**Work order**
Exact copy, pictures omitted: the line holding "Pelma-terrace: a complete" and every line after it down to the end of the entries.

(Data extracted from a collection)

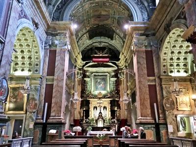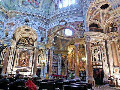 サン・カルロ教会と共に建ち、「双子の教会」として知られています。クリスティーヌ・ド・フランスの命により1639年に工事が着工、一時中断を経て、ファザードは1715~1718年に建設されたバロック様式の教会です。壁面は十字架を背負うキリストなど、フレスコ画が施されて美しいです。
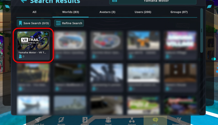 「Yamaha Motor - VR TRAIL」のワールドを選択します。
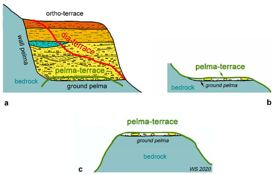 Pelma-terrace: a complete flument (a) eroded down (green line) to the basal facies leaving only the lag layer and the ground pelma (contact of the basal facies with the bedrock), (b) with a backwall, (c) crowning a hilltop. Normally, the pelma-terrace deposit is a loose litter of pebbles.
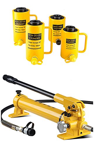 CGOLDENWALL 油圧式ジャッキ20t 中空 プランジャー 50㎜ 100㎜ 焼付塗装 張力 スラスト可ジャッキ ポンプ付 (RCH-2050)
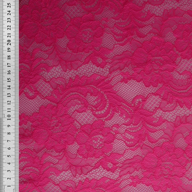 Tissu Dentelle Elastique Roses Fuchsia

**Answer space**
 Pelma-terrace: a complete flument (a) eroded down (green line) to the basal facies leaving only the lag layer and the ground pelma (contact of the basal facies with the bedrock), (b) with a backwall, (c) crowning a hilltop. Normally, the pelma-terrace deposit is a loose litter of pebbles.
 CGOLDENWALL 油圧式ジャッキ20t 中空 プランジャー 50㎜ 100㎜ 焼付塗装 張力 スラスト可ジャッキ ポンプ付 (RCH-2050)
 Tissu Dentelle Elastique Roses Fuchsia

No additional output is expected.